Harold Edgerton was a professor of electrical engineering at M.I.T. who pioneered the use of stroboscopic lights in photography, especially as a means of capturing objects that were moving much too fast to be seen by the human eye. Take this photo of a bullet passing through an apple. Thanks to Dr. Edgerton's work, we can plainly see the moment when the bullet pierces the apple, which would be impossible to see otherwise.
In the following photo, we can see another moment normally invisible to the eye: a golf ball indented by the club at the moment of impact!
Perhaps the most striking images are those he captured for the military as they were testing the atomic bomb. Here is a set of three photographs taken at a speed of 1/100,000,000th of a second:
Above you see the first millionth of a second after the detonation.

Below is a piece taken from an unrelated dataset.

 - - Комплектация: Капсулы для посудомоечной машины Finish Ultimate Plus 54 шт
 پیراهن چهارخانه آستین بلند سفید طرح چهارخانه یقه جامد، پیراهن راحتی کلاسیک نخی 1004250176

In the next millisecond you can see the bomb's energy traveling down the tower's guide wires as the rest of it vaporizes the tower. The desert floor below is instantly transformed into a sea of glass.

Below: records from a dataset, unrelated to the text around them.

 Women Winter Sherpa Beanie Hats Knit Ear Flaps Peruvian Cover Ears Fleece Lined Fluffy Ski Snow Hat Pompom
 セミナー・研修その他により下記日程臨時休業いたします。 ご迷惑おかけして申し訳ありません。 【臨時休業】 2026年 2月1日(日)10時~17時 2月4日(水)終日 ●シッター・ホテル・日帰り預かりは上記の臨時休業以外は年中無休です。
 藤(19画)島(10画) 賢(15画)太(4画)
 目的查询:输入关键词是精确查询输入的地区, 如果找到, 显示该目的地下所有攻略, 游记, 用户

A millionth of a second later, the sphere of nuclear destruction completely engulfs the surrounding area, including the Joshua Trees you see silhouetted at ground level which will cease to exist in the next millisecond!
Thanks to the pioneering work of Harold Edgerton, we can now see things that were previously unknown to us, and the techniques he invented are now being used the world over to better understand the amazing world in which we live.